Purity, Referential Transparency and State Monad

6
votes

I'm currently designing a numerical algorithm which as part of its operations requires updating a vector of doubles many times. Due to the fact that the algorithm has to be as space and time efficient as possible, I do not want to code the traditional type of FP code which creates many versions of the data structure under the hood after each operation on it. Neither do I want to create mutable data structures and have them globally available. Consequently, I have decided to use a mutable data structure but then choose to do the the mutable operations in a State monad. Since this is my first stab at using a State monad, I want to confirm the whether I have or have not

  1. preserved referential transparency
  2. maintained functional purity

The update function transitions the data structure state.

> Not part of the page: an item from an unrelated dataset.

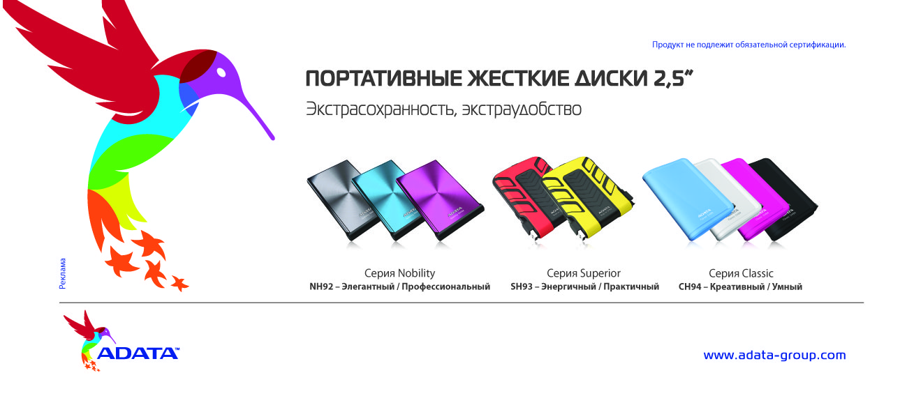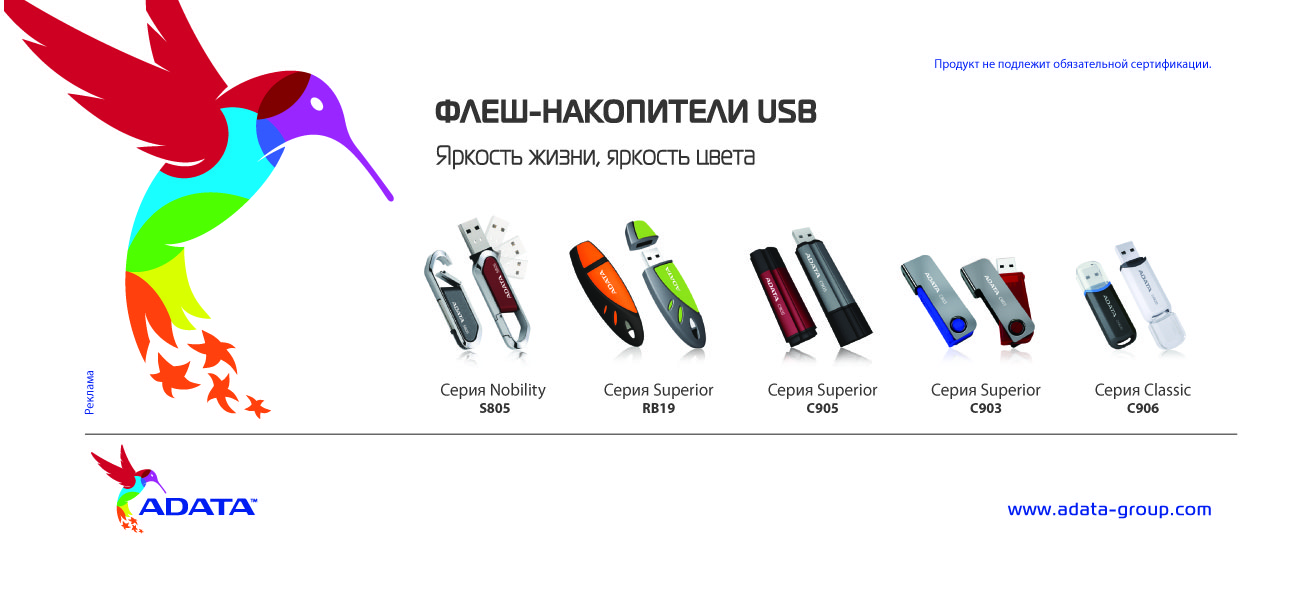 Тайваньский производитель флэшек начинает имиджевую кампанию в РоссииТайваньская компания A-DATA Technology Co., Ltd., производитель модулей DRAM и устройств хранения информации на флэш-памяти, запустила в России рекламную кампанию, направленную на повышение узнаваемости бренда и реализацию продукции в период с 20 апреля до конца июня. Рекламная кампания A-DATA будет использовать носители сразу нескольких форматов: интернет, специализированная пресса, бизнес-центры и метро, POS-материалы. В дополнение планируется открыть сайт A-DATA club."Приоритетной задачей A-DATA на данном этапе является выход на новый уровень взаимоотношений с целевой аудиторией. Мы предлагаем потребителям простые и удобные решения в области высоких технологий", - комментирует Глава Представительства компании A-DATA на территории СНГ и Европы Сон Су Ро (Sung Soo Roh). - Новая рекламная кампания направлена на повышение узнаваемости и лояльности к бренду, а также является мощным конкурентным преимуществом. Это важный этап для компании A-DATA, которая стремится занять лидирующие позиции, как на российском, так и на мировом рынке". Концепция рекламной кампании была разработана медийным агентством Strategist Media и DDD-агентством FCBi, которые входят в группу Media Arts. Основными задачами рекламной кампании является максимальный контакт с потребителем на этапе покупки, улучшение видимости бренда в точках продаж и построение отношений с клиентом после покупки. В течение ближайшего месяца будет размещена реклама в специализированной прессе, IT и игровых изданиях, отвечающих тематике и целевой аудитории A-DATA. Одновременно в бизнес-центрах класса "А" в наиболее удачных по охвату аудитории месторасположениях Москвы и Санкт-Петербурга появятся динамичные дисплеи и лайт-боксы. Изображенная на продукции птица колибри как элемент бренда A-DATA привлечет внимание и порадует даже серьезных покупателей! Также акцент будет сделан на рекламе в метро, которая подразумевает размещение стикеров на дверях вагонов четырех линий Московского и одной линии Санкт-Петербургского метрополитена. На этапе запуска рекламной кампании планируется открыть развлекательный портал A-DATA club. www.adataclub.ru - это уникальный шанс для потребителя первым увидеть новые модели, вступить в интернет-сообщество A-DATA для обмена мнениями, фото- и видео роликами. На сайте клуба также планируется открыть чат и игры. Это прекрасная возможность завести новых друзей и просто повеселиться! Во втором квартале 2010 года A-DATA планирует провести совместные рекламные акции с компанией GIGABYTE. Руководство компаний стремится увеличить осведомленность общественности о продуктах и новых технологиях A-DATA и GIGABYTE, а также повысить уровень продаж в розничных и оптовых сетях. Маркетинговые активности A-DATA способствуют формированию положительного образа компании в глазах общественности и выявляют основные ценности бренда, такие как индивидуальность, красочность и постоянное стремление к технологическому развитию. Целью маркетинговых акций является как повышение узнаваемости бренда, так и консолидация отношений с аудиторией оверлокеров и геймеров на форумах и в блогах, а также установление контактов с лидерами отрасли. |

Since the destructive update is localised within this function and a handle to the data structure cannot be got at from outside, I think this function is pure and referentially transparent.

def update(i : Int,d : Double) = State[ArraySeq[Double], Unit]{
  case xs: ArraySeq[Double] => {xs(i) = d; (xs, ())}
}

The app function is a toy function which will consume a sequence of doubles and modify it's state:

def app : State[ArraySeq[Double], Unit] = for{
    _ <- update(0, 3.142)
  // do a heap of stuff on ArraySeq
}yield()

Call:

app(Vector(0.0, 1.0, 2.0, 3.0, 4.0).to[ArraySeq])._1.to[Vector]

Result:

res0: Vector[Double] = Vector(3.142, 1.0, 2.0, 3.0, 4.0)
1
scalafunctional-programming
Are you using scalaz's State or one you've written yourself? - Daenyth

1 Answers

12
votes

I guess you could say that your update itself is pure, in the sense that it only represents some mutation, but as soon as you run it all bets are off:

scala> val xs = List(1.0, 2.0, 3.0).to[ArraySeq]
xs: scala.collection.mutable.ArraySeq[Double] = ArraySeq(1.0, 2.0, 3.0)

scala> update(0, 10).eval(xs)
res0: scalaz.Id.Id[Unit] = ()

scala> xs
res1: scala.collection.mutable.ArraySeq[Double] = ArraySeq(10.0, 2.0, 3.0)

This is a bad scene, and it's the opposite of pure or referentially transparent.

State isn't really buying you anything in your example—the fact that you're calling app in such a way that you have an ArraySeq that nobody else can mutate is. You might as well bite the bullet and work with a mutable data structure in the usual way in a scope that you control—i.e., write app like this:

def app(xs: Vector[Double]): Vector[Double] = {
  val arr = xs.to[ArraySeq]
  // Perform all your updates in the usual way
  arr.toVector
}

This actually is pure and referentially transparent, but it's also more honest than the State version. If I see a value of type State[Foo, Unit], my assumption is going to be that this value represents some kind of operation that changes a Foo into a new Foo, without mutating the original Foo. This is all the state monad is—it provides a nice way of modeling operations on immutable data structures and composing them in a way that looks kind of like mutation. If you mix it with actual mutation you're likely to confuse the hell out of anyone using your code.

If you really want real mutation and purity at the same time, you can look at Scalaz's STArray. It's a very clever solution to this problem, and in languages like Haskell it's an approach that makes a lot of sense. My own feeling is that it's pretty much always the wrong solution in Scala, though. If you really need the performance of a mutable array, just use a local mutable array and make sure you don't leak it to the outside world. If you don't need that kind of performance (and most of the time you don't), use something like State.